Адвокат Себа попросил определить, можно ли назвать состояние его клиента в момент убийства невменяемостью в соответствии с правилами Макнатена. На следующий день после неудачного осмотра Себа я позвонил адвокату и объяснил, что молчание его клиента помешало моей попытке это узнать. Хотя все признаки указывали на «душевное заболевание», я не мог определить, осознавал ли он, что делает, когда напал на свою мать. Мы с адвокатом пришли к соглашению, что следует ответить на этот вопрос, прежде чем использовать на суде защиту ссылкой на невменяемость.
В марте 1831 г. судья Джеймс Парк председательствовал на весенней сессии суда в Йорке. Зал суда был переполнен из-за интереса к делу Эстер Дайсон, девушки двадцати с небольшим лет. Ее обвинили «в умышленном убийстве своего внебрачного ребенка путем отсечения ему головы». Чтение обвинительного заключения не вызвало у нее никаких эмоций, а когда секретарь спросил, виновна она или нет, она промолчала.
С тех пор как в Англии в XII в. ввели суд присяжных, не отвечающий на вопросы подсудимый создавал трудности в ходе разбирательства. Перед тем как вынести приговор, необходимо было совершить ритуальный обмен мнениями. Сначала подсудимого спрашивали, считает ли он себя виновным в преступлении. Ответ «невиновен» вызывал второй вопрос: «Подсудимый, какой суд вы предпочитаете?» Если он соглашался, чтобы его судили Бог и страна, можно было начать процесс. Этот вступительный ритуал зависел от участия обвиняемого. Теоретически обвинительного приговора можно было избежать, если хранить молчание. Мотивы для молчания могли быть самыми разными: от нежелания, чтобы было конфисковано имущество, которое могло перейти к наследникам, до желания избавить свою семью и репутацию от позора обвинительного приговора. Вестминстерский статут 1275 г. разрешил суду принимать меры, чтобы заставить не желающего сотрудничать обвиняемого одуматься. Таких «преступников, отказывающихся от законного суда», можно было содержать в суровых условиях – тюрьме forte et dure – до тех пор, пока они не передумают. Чтобы еще больше отбить у обвиняемых охоту молчать, к этому наказанию добавили пытки, поэтому термин изменили на peine forte et dure[1]. Дополнительное давление оказывалось в буквальном смысле. Лежащего на спине в темной камере заключенного привязывали за руки и ноги веревками, которые натягивали так, что человек распластывался на полу. Затем на него ставили тяжелые чугунные болванки или камни. Лежа под таким грузом, без пищи и воды, молчащий обвиняемый либо пересматривал свою позицию, либо погибал. Хотя тюремное заключение, боль и лишения могли подорвать решимость упрямого обвиняемого молчать, они не вылечили бы немого, изначально не обладавшего способностью говорить.

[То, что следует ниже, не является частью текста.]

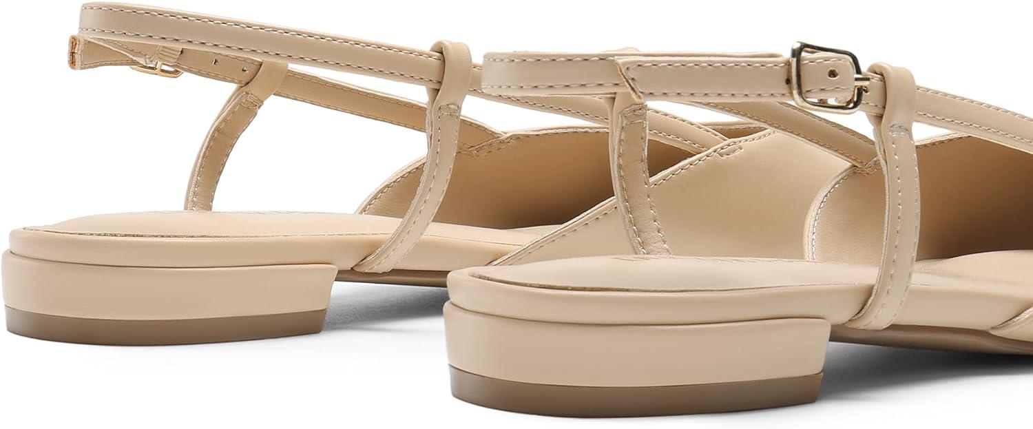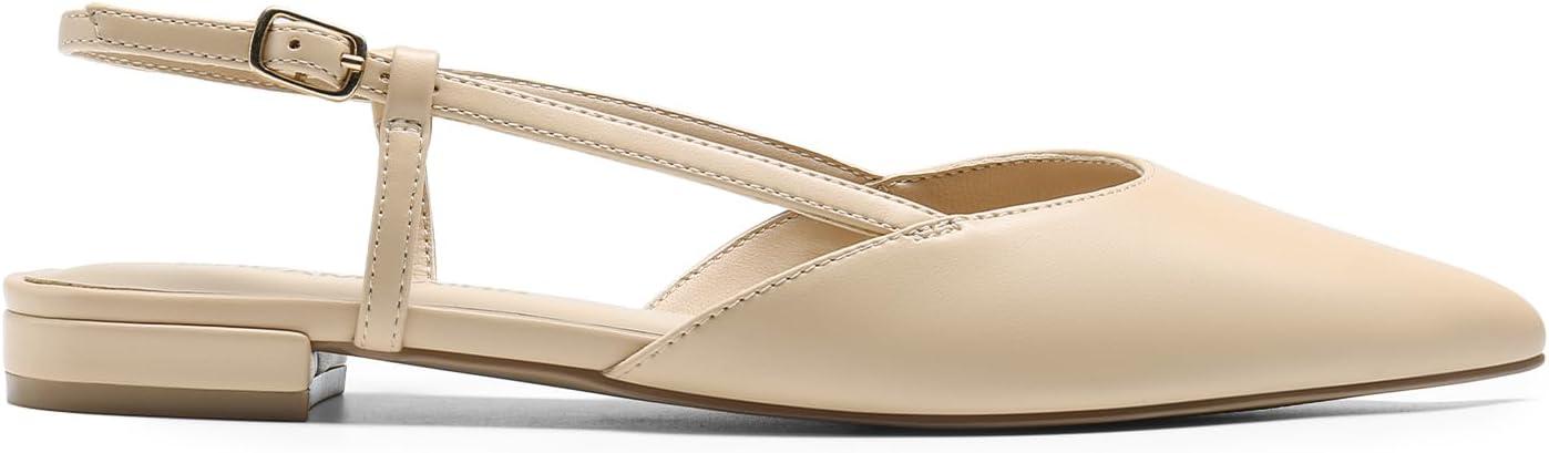 DREAM PAIRS Slingback Flats for Women, Pointed-Toe Elegant Women’s Ballet Flats with Buckle Strap, Classic Low Heel Dress Shoes for Casual Work Office Party(Nude-pu)

К счастью для Эстер Дайсон, практика peine forte et dure была отменена за шестьдесят с лишним лет до суда над ней в Йорке. Но признание или непризнание вины до начала судебного разбирательства оставалось необходимой частью ритуала. Судья Джеймс Парк постановил, что присяжные должны выяснить, молчит ли она «по злому умыслу или по Божьему промыслу». Другими словами, молчала она из упрямства или действительно не могла говорить. Свидетель, мистер Джеймс Хендерсон, бригадир с текстильной мануфактуры, где Дайсон работала в течение одиннадцати лет, показал суду, что все это время она не говорила и, видимо, ничего не слышала. Насколько ему было известно, она родилась глухонемой. Выслушав эти показания, присяжные признали ее немой по Божьему промыслу. Суд нанял мистера Хендерсона, чтобы он переводил для Дайсон с помощью жестов. Переводчик стал ей объяснять, что она вправе заявить отвод присяжному, против которого возражает, – этим правом до сих пор пользуются подсудимые в современных судах присяжных. Разбирательство снова прервалось, когда мистер Хендерсон уведомил суд о значительных трудностях, с которыми он столкнулся, пытаясь объяснить Дайсон ее права. Хотя она достаточно разумна, чтобы понимать простые будничные события, невозможно объяснить ей более сложные понятия, в частности критически важные элементы уголовного процесса.